[SERVER-15854] Improve logs when calling removeShard on a removed shard Created: 29/Oct/14  Updated: 18/Sep/15  Resolved: 13/Mar/15

Status: Closed
Project: Core Server
Component/s: Sharding
Affects Version/s: 2.6.4
Fix Version/s: 3.1.0

Type: Improvement Priority: Minor - P4
Reporter: Victor Hooi Assignee: Daniel Alabi
Resolution: Done Votes: 0
Labels: None
Remaining Estimate: Not Specified
Time Spent: Not Specified
Original Estimate: Not Specified

Issue Links:
Related
Backwards Compatibility: Fully Compatible
Participants:

 Description   

The procedure for removing a shard from a sharded cluster is to run the removeShard command twice.

The first invocation will start draining the shard.

Once that is complete, a second invocation will then remove the shard.

However, there is not progress given for when the drain is complete. This makes it quite possibly you may have to run the removeShard command several times, in order to see whether it starts the remove or not.

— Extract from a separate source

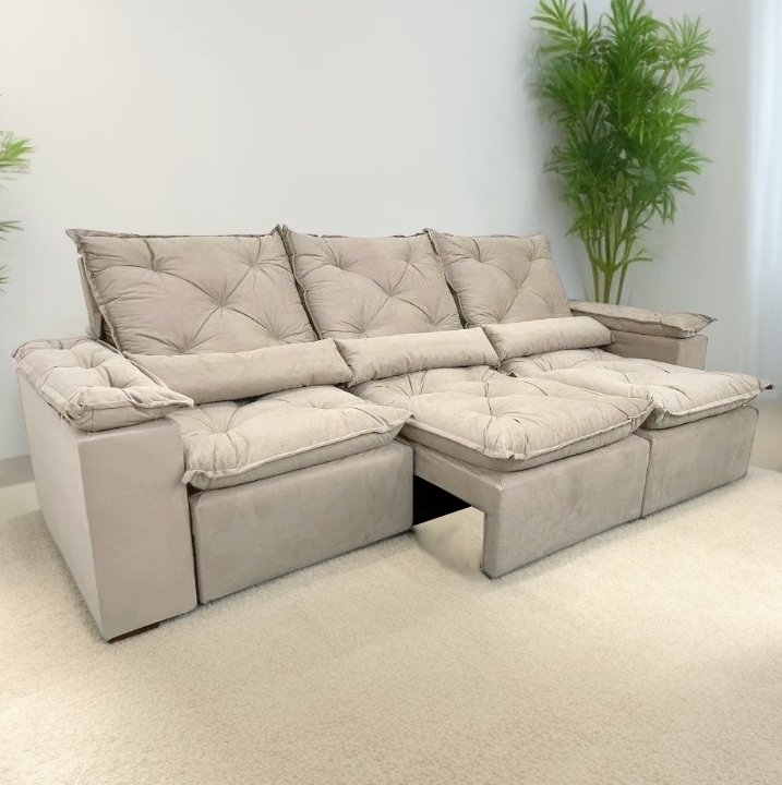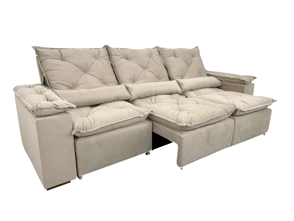 Sofá Retrátil e Reclinável Grécia 2,70 m Bege – KASA COMIGO ESTOFADOS

Also, if you happen to run the removeShard command once the removal is complete, it prints a assertion message:

mongos> db.runCommand(
{ removeShard: "foobar" }
)
{ "code" : 13129, "ok" : 0, "errmsg" : "exception: can't find shard for: foobar" }

as well as a stack trace:

2014-09-19T19:08:19.071+0000 [conn139] Assertion: 13129:can't find shard for: foobar
2014-09-19T19:08:19.107+0000 [conn139] 0xdbc1f1 0xd66309 0xd49536 0xd49a8c 0xc62b78 0xc5a354 0xb764be 0xc5353a 0xb8c9dc 0xc7cae1 0xc528ff 0x6e6f29 0xd714ce 0x39d30079d1 0x39d2ce8b5d
 /opt/mongod27017/mongod/bin/mongos(_ZN5mongo15printStackTraceERSo+0x21) [0xdbc1f1]
 /opt/mongod27017/mongod/bin/mongos(_ZN5mongo10logContextEPKc+0x159) [0xd66309]
 /opt/mongod27017/mongod/bin/mongos(_ZN5mongo11msgassertedEiPKc+0xe6) [0xd49536]
 /opt/mongod27017/mongod/bin/mongos() [0xd49a8c]
 /opt/mongod27017/mongod/bin/mongos(_ZN5mongo15StaticShardInfo4findERKSs+0x358) [0xc62b78]
 /opt/mongod27017/mongod/bin/mongos(_ZN5mongo5Shard5resetERKSs+0x34) [0xc5a354]
 /opt/mongod27017/mongod/bin/mongos(_ZN5mongo11dbgrid_cmds14RemoveShardCmd3runERKSsRNS_7BSONObjEiRSsRNS_14BSONObjBuilderEb+0x16e) [0xb764be]
 /opt/mongod27017/mongod/bin/mongos(_ZN5mongo7Command22execCommandClientBasicEPS0_RNS_11ClientBasicEiPKcRNS_7BSONObjERNS_14BSONObjBuilderEb+0x2ba) [0xc5353a]
 /opt/mongod27017/mongod/bin/mongos(_ZN5mongo7Command20runAgainstRegisteredEPKcRNS_7BSONObjERNS_14BSONObjBuilderEi+0x32c) [0xb8c9dc]
 /opt/mongod27017/mongod/bin/mongos(_ZN5mongo8Strategy15clientCommandOpERNS_7RequestE+0x561) [0xc7cae1]
 /opt/mongod27017/mongod/bin/mongos(_ZN5mongo7Request7processEi+0x6ef) [0xc528ff]
 /opt/mongod27017/mongod/bin/mongos(_ZN5mongo21ShardedMessageHandler7processERNS_7MessageEPNS_21AbstractMessagingPortEPNS_9LastErrorE+0x69) [0x6e6f29]
 /opt/mongod27017/mongod/bin/mongos(_ZN5mongo17PortMessageServer17handleIncomingMsgEPv+0x4ee) [0xd714ce]
 /lib64/libpthread.so.0() [0x39d30079d1]
 /lib64/libc.so.6(clone+0x6d) [0x39d2ce8b5d]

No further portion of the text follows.